Wolverine is clearly take it or leave it popcorn entertainment, ripe for intellectual condemnation. Pushing aside criteria that doesn’t apply to this movie – realism, nuanced performances, thematic depth, anything that doesn’t vaguely resemble mayhem and so forth – X-Men Origins: Wolverine does a fine job doing what it ought to: entertain. Hood’s one valid claim to anything remotely resembling good art is the movie’s beautifully judged pace, which sustains rollicking momentum from beginning to end, the script and Hood’s direction identifying just when to dart between set pieces and locations and the right times to introduce new characters or reintroduce old ones. There isn’t a dead minute in it, even if many of effects-laden scenes feel – as is the case in many comic book adaptations – like they are simply going through the rounds.

X-Men Origins: Wolverine is a sleek repackaging of comic book conventions and a movie that breezily cruises along a steady plateau – no great highs, no great lows.
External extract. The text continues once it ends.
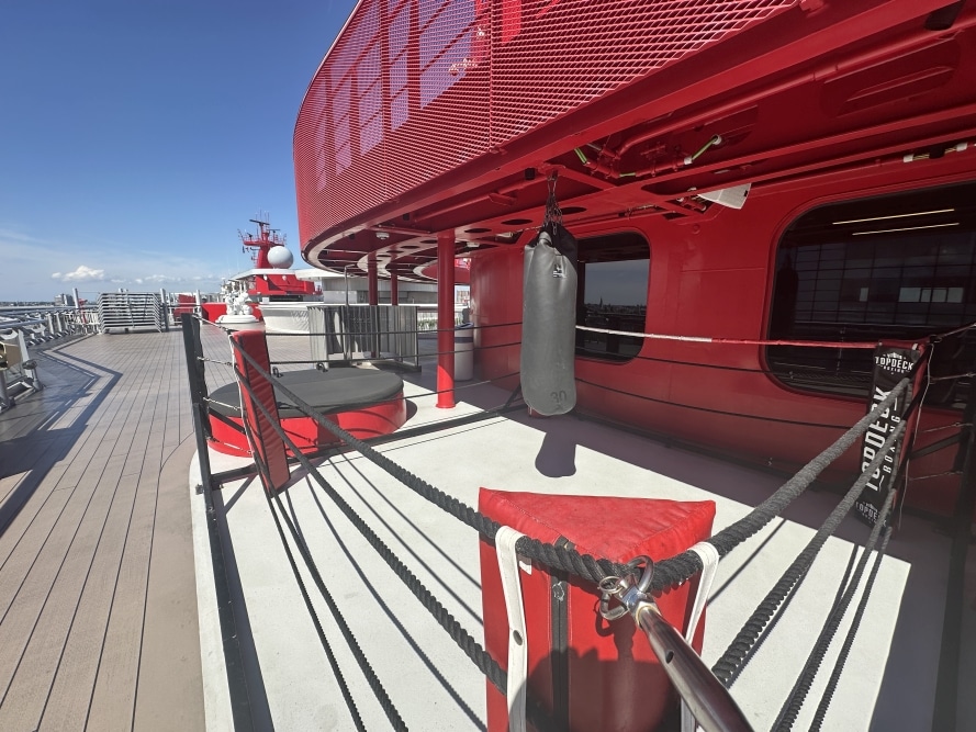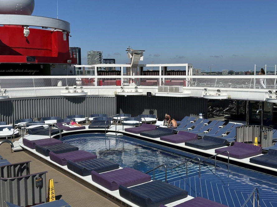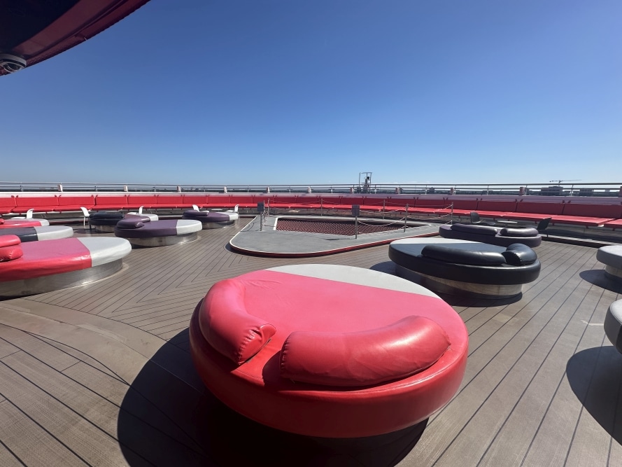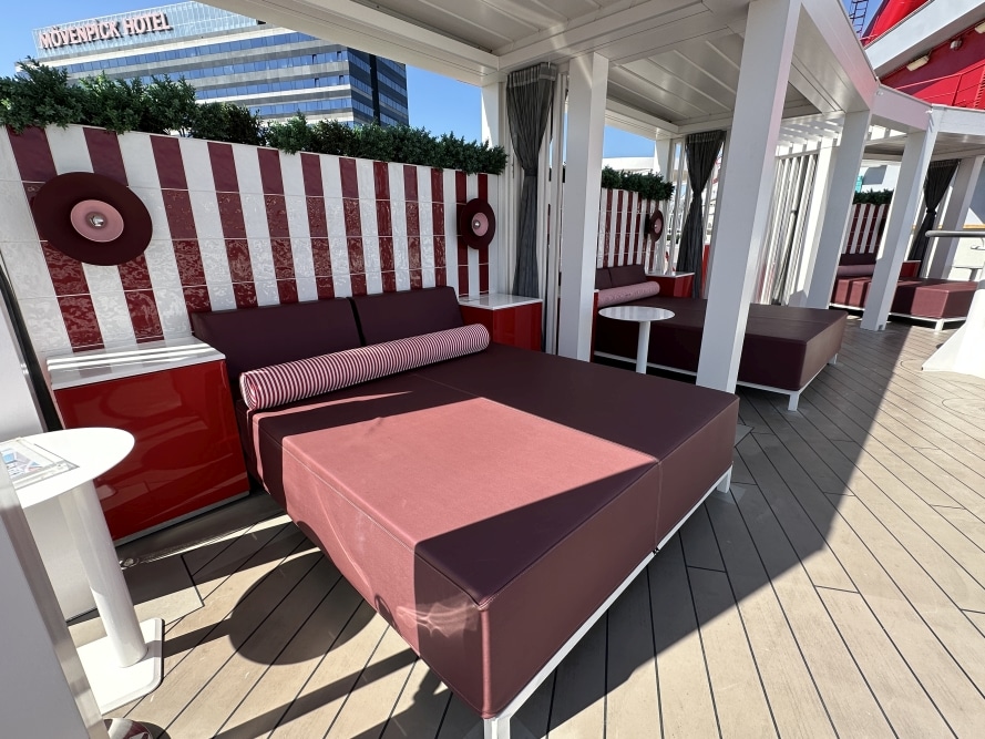 Op de buitendekken komt het iconische Virgin-rood vólop terug. Het schip beschikt over twee zwembadzones, omringd door comfortabele loungebedden waar je heerlijk kunt ontspannen. Wie net dat beetje extra luxe wil, kan tegen een toeslag een cabana reserveren. Helemaal achter op dek 16 wacht een sfeervol loungedek met een echte blikvanger: rondom geplaatste loungebanken die je uitnodigen om achterover te leunen en volop te genieten van zon en zee.

The downside of not having any bumps in the road is the risk the journey runs of feeling bland, which here is particularly the case in retrospect. Moment by moment, however, Wolverine doesn’t allow its audience much time to concentrate on its deficiencies, and that’s either a deftly implemented sleight or simply the only good choice available for another superhero flick short on new ideas.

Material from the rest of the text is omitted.